2013 An Election Odyssey Editorial: A Diversity of Lessons…
This is the second post in a series analyzing the results of the 2013 election.
Last Tuesday was a big day in Springfield. The turnout was embarrassing, but the result was historic. Both the City Council and School Committee will feature a majority of minorities in the next term. However, amidst the navel gazing of this change there seems to be a fundamentally flawed assumptions about what this actually means.
Diversity is essential on bodies like the Council to broader the experiences and worldviews of its members, but we can ill afford vapid takeaways from Tuesday. The Republican’s editorializes about the subject correctly, but rather flatly states the obvious and others have sought to assert some other, surface level meaning for personal gain.
There are several hazards to simplistic interpretations of Tuesday’s vote. There were some ward contests where there was almost zero chance a minority would not be elected. In two, there was virtually no chance anybody, but a minority would win. In two others, the minority candidate was highly favored to win. Moreover, some of these minority councilors have as much if not a greater connection to an identity other than their race.
In Ward 8 a minority did defeat a white incumbent. Yet, Councilor-elect Orlando Ramos’ win was due less to a changing city and more the work he put in this time.
At-large we saw a minority candidate, Councilor-elect Justin Hurst, win and displace a white one. We must not view this purely in terms of race. Rather, it is a sign of a generational shift. Hurst and the man defeated, Jimmy Ferrera, are about the same age, but both they and their campaigns could not be from more different political universes.
Hurst prosecuted his campaign across traditional means, but also engaged social media, often as a way to spread things like his commercial. Ferrera, despite being a child of the 1980’s had a campaign that looked remarkably similar to one from 1969.
That commercial tugged at the heartstrings rather than relying solely on classic if milquetoast Springfield political slogans. Grandparents? Check. Young families? Check. Plug the commercial on Facebook to reach younger voters? Check. That Hurst is black has nothing to do with any of these.
Tuesday also showed that just using social media is not enough. It is about leveraging it to one’s advantage. Ernesto Cruz, coming in seventh, was far ahead of the two in last place, partly because of effective social media use. Jose Claudio and Norman Roldan both lost their races to candidates with virtually no digital presence because both failed to manipulate social media effectively despite having Facebook and Twitter.
We see the same on the School Committee, where Calvin McFadden wielded social media to his advantage perhaps not superbly, but better than most other candidates. Antonette Pepe, who lost her seat, had no digital engagement.
The shorter version is that Springfield politics has matured to the point where both zero interaction and haphazard engagement with social media can carry a price for candidates.
This is bigger than any one candidate, than race or than social media.

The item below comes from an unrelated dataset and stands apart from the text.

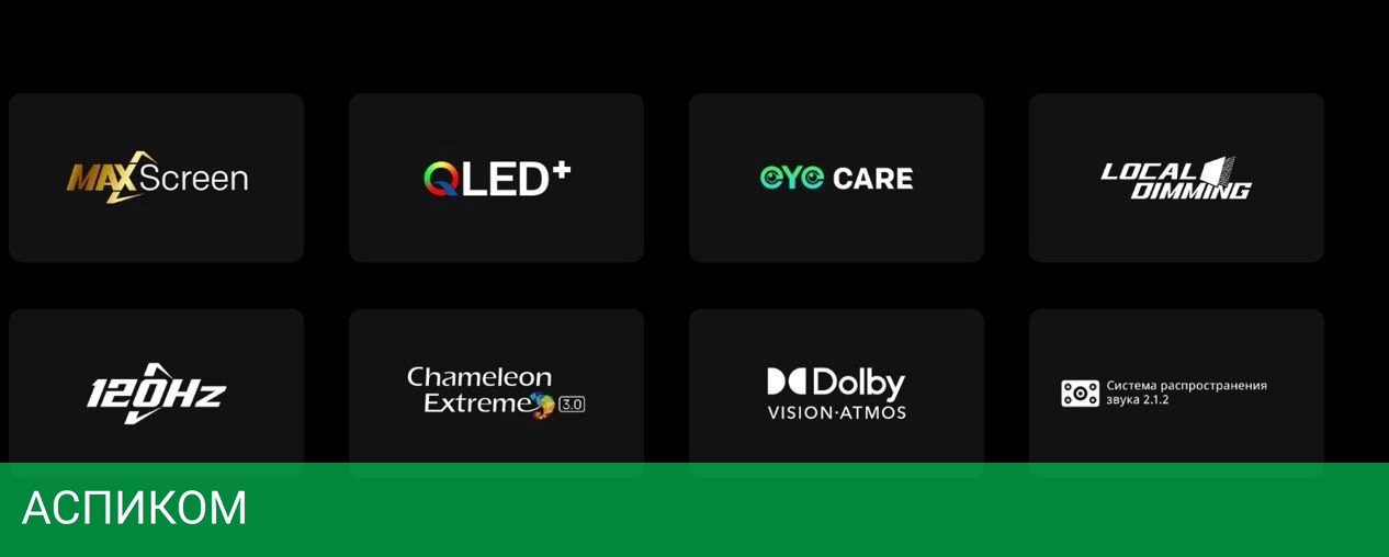 Экран 100 дюймов Мах Screen, Металлический Корпус, Рамка и Подставка глубокого сиреневого цвета, Local Dimming, Технология MEMC, Технология VRR, Антибактериальный ПДУ, Режим Кинопроизводителя, Технологии защиты зрения: Low Blue Light (сниженный синий свет), Flicker Free (антимерцание), Ночной Режим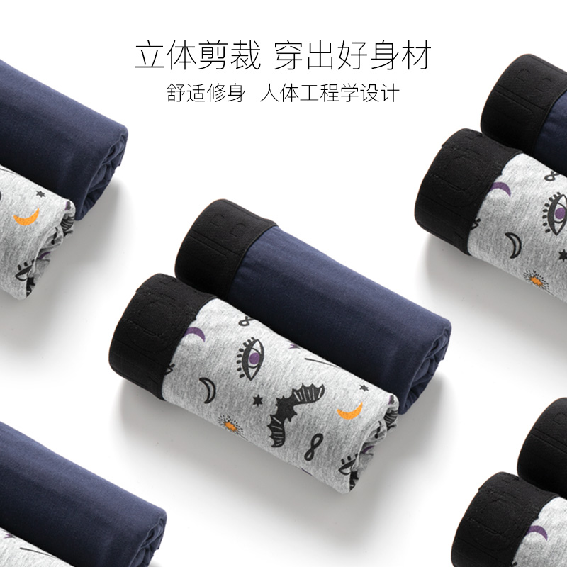 【产品名称:棉花共和国日系原宿风男士时尚印花U凸棉蓝灰平角裤头内裤个性潮】

These election results were a sign that “the coalition of the ascendant” is on the move in Springfield. In a city where President Obama and Senator Warren won by extraordinary margins thanks largely to young voters, students, minorities and white progressives, nobody seems to contemplate that this coalition might begin to materialize in city elections. And it has.
That is the significant point. Yes, the electorate in municipal election years will continue to skew whiter and older than in presidential years. Still, Tuesday’s results in part reflect that Springfield‘s “coalition of the ascendant” is ready now and no longer willing to wait.
Boston is instructive here. While that city’s Council is less diverse than Springfield’s, its at-large race was topped by Councilor Ayanna Pressley, repeating her improbable 2011 first place finish. Pressley, who is black, did not get there because of her race, despite a strong base in Roxbury and other minority neighborhoods. She got there as a progressive icon who has used her position to address women’s issues, among others, with appeal to all.
It is too early to place similar expectations on Hurst or any other councilor, but we have to reach for deeper meaning. Tuesday was neither about race alone nor surface-level conceptions about it. If we take that path, we encourage the scorn of bigots and make no progress. Rather, Tuesday was about the future and a city. It was about whether we will embrace each with a eye toward what the city will be and what it still needs to become.